University grants exceptions in alternative admissions

Stephan Useche/Staff Writer

For some students applying to the University, the process can sometimes take more than a few minutes behind the computer. For FIU, the admission criteria depends on the Board of Governors’ regulations, but there is a margin of flexibility when it comes to students who prove to have a disability, talent, or who come from a homeless background.

This alternative admission is also known as holistic admission, which allows the University to review the students beyond the requirements asked in the application.

“To be able to review a student under a different light allows us to actually provide access to a specific population,” said Luisa Havens, vice president of Enrollment Services. “It allows us to actually be fair and to say that not everyone is the same.”

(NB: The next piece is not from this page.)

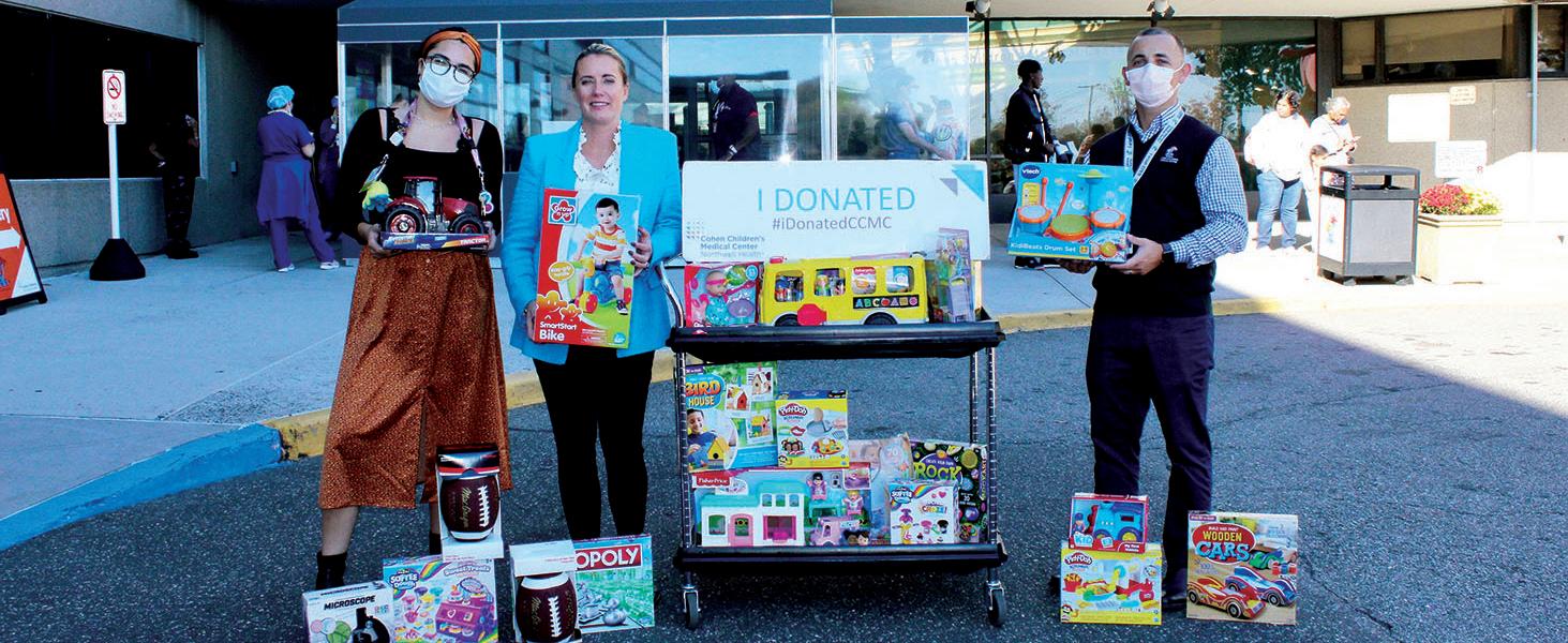 TOY DONATION - Oyster Bay Town Councilwoman Laura Maier recently delivered five pallets filled with toys to Cohen Children’s Medical Center, collected by the Town in cooperation with the United States Marine Corps Toys for Tots program. Pictured: Councilwoman Maier (center) with Demi Lonergan and Venhar Burani of Cohen Children’s Medical Center. Donation boxes have been set up at Town facilities, and the Town will also host the largest

Students may inform the University of their disability or talent by specifying it in their application or by appealing a denial decision.

According to Havens, they have to submit a letter explaining their situation along with a letter of recommendation from people who know them the most, which would help explain their case.

“You might see this in veterans who are coming back, somebody who after high school wasn’t great of a student, but then they go to war, they grow up, then they come back changed with a different commitment,” said Havens. “That aspect to come back and ask for a second change is what makes us review them.”

These exceptions allow the University to take into consideration other factors that would normally not be considered at the time of reviewing a student.

As a public institution, the University follows all the regulations that are set by the Board of Governors. According to Havens, the University can’t decide which factors to take into consideration when it comes to admitting students, but it can modify some of the requirements, such as the GPA or SAT scores, by raising the minimum score required.

When it’s time for faculty and staff from the University to review the applications of first time college students, race and ethnicity aren’t taken into consideration, because the state of Florida doesn’t allow it.

“We are a public institution, so it is not like we can decide what factors to take into account,” said Havens.

FIU has been designated a Hispanic service institution, however, according to Havens.

“If at least 25 percent of your student population comes from hispanic descent, regardless of race, then you are considered a hispanic service institution,” said Havens. “When you are a public institution, then you are created to serve the community you reside, so my student body looks like from the area where I am from.”

This diversity is shown in the 2012 Fact Book, where 50 percent of the students admitted in the University were of Hispanic descent, and the other half were black, Asian, Native American and white.

According to Havens, it is important to provide the students with an engaging and fertile environment in order to offer diversity within the institution.